Они все были прекрасны, все достойны восхищения, но, разумеется, все тускнели, когда в зале появлялась Люся. Удивительно стройная в обтягивающем ее чудесную фигуру васильковом купальнике, она излучала особое очарование и красоту. Так по крайней мере казалось Александру. И упражнения она выполняла красивей и лучше всех. На соревнованиях он шумно возмущался любыми оценками, которые судьи ставили Люсе. Он всегда считал их заниженными. Раньше он даже свистел в два пальца, пока Люся не устроила ему сцену, обвиняя в том, что он ее компрометирует.

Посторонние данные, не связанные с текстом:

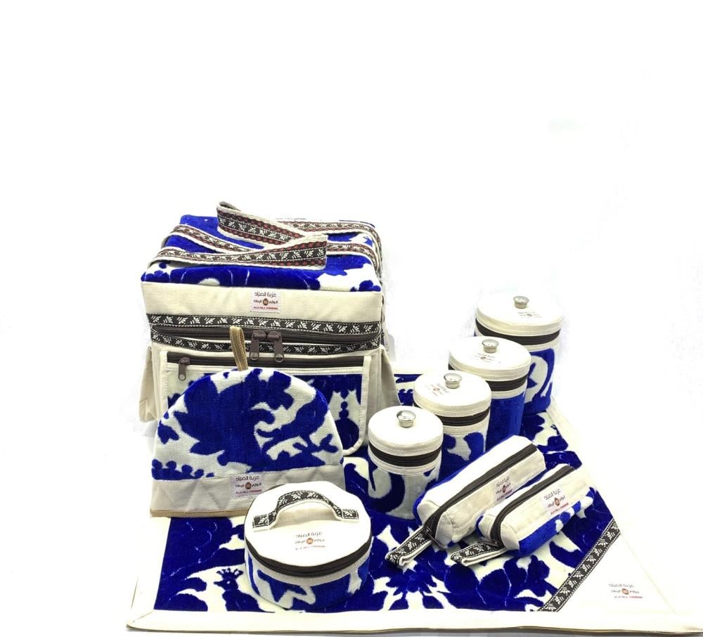 بكج طقم شنطه ابو طير ازرق مع قماش ابيض مطرز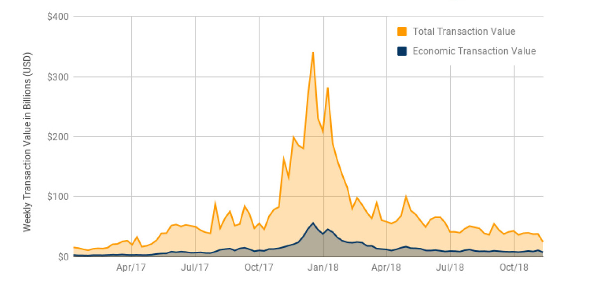 If so many addresses are created just to pass bitcoin between people and services, how much of the transaction value on the network is actually moving between economic addresses? We estimate that on average only 20% of the bitcoin transaction value is economic, in that it is a final transfer between different people via economically relevant addresses. The remaining 80% is returned as change. As you can see in the chart below, between August and October 2018, some $41 billion of transactions were executed — and only $9 billion had real economic value.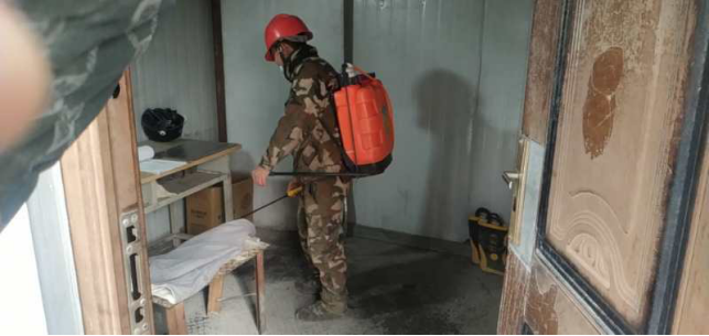 對廠區(qū)衛(wèi)生間消毒。

Девушки выстроились ровной шеренгой. Они все были красивы, но, право же, нужно было быть слепым, чтобы не видеть, насколько Люся красивей всех.
Елена Ивановна что-то говорила, прохаживаясь вдоль шеренги.

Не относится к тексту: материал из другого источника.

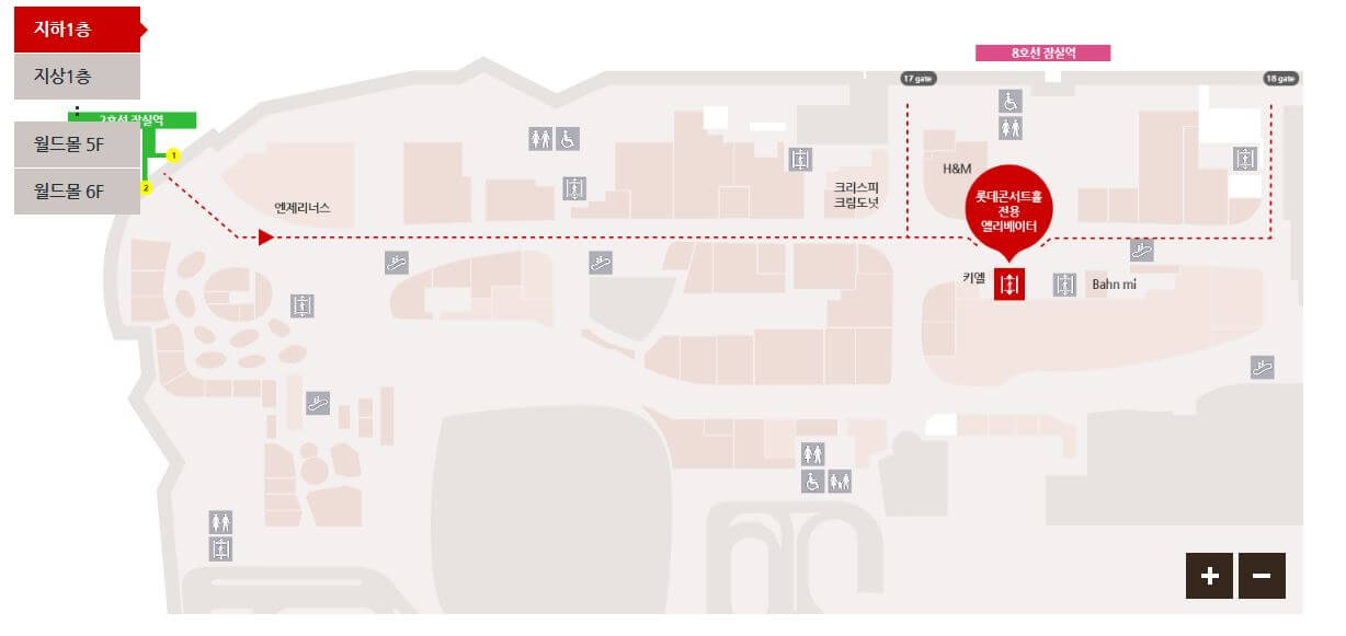 지하철 2호선 잠실역 1번 출구와 2번 출구 사이의 롯데월드몰 입구를 이용하거나 또는 8호선 잠실역 10번 출구와 11번 출구 방향을 이용하시면 됩니다. 지상 1층에서 8호선 지하철 11번 출구 앞의 문으로 입장할 경우 H&M 과 키엘 매장 사이에 있는 롯데 콘서트홀 전용 엘리베이터를 타시면 됩니다!

Потом хлопнула в ладоши — тренировка началась.
Александр на этот раз беспрестанно поглядывал на часы. Ему хотелось поскорее остаться со своей подругой вдвоем — излить переполнявшую его бурную радость, еще раз передать разговор Ивана Васильевича с Лузгиным, погадать, какое это новое задание готовит ему главный редактор.
Тренировка кончилась не очень поздно. Пошли к станции метро «Динамо», сопровождаемые вкусным запахом, которым окутывала весь квартал бисквитная фабрика «Большевик».
— Это ужасно, — жаловалась Люся. — Ты подумай, дома мама со своими печеньями, здесь каждый раз, как иду на тренировку, тортами весь район пропах. А мне нельзя. А я люблю...
— Ничего, — утешал ее Александр, — ведь это лучше, чем если б на «Большевике» делали, например, горчицу или, допустим, маринованный лук. Ты бы тогда обливалась слезами после каждой тренировки, я бы считал, что тебя все обижают, и, применяя приемы самбо, напал на Елену Ивановну, Меня бы судили и приговорили к пожизненной каторге на фабрике маринованного лука...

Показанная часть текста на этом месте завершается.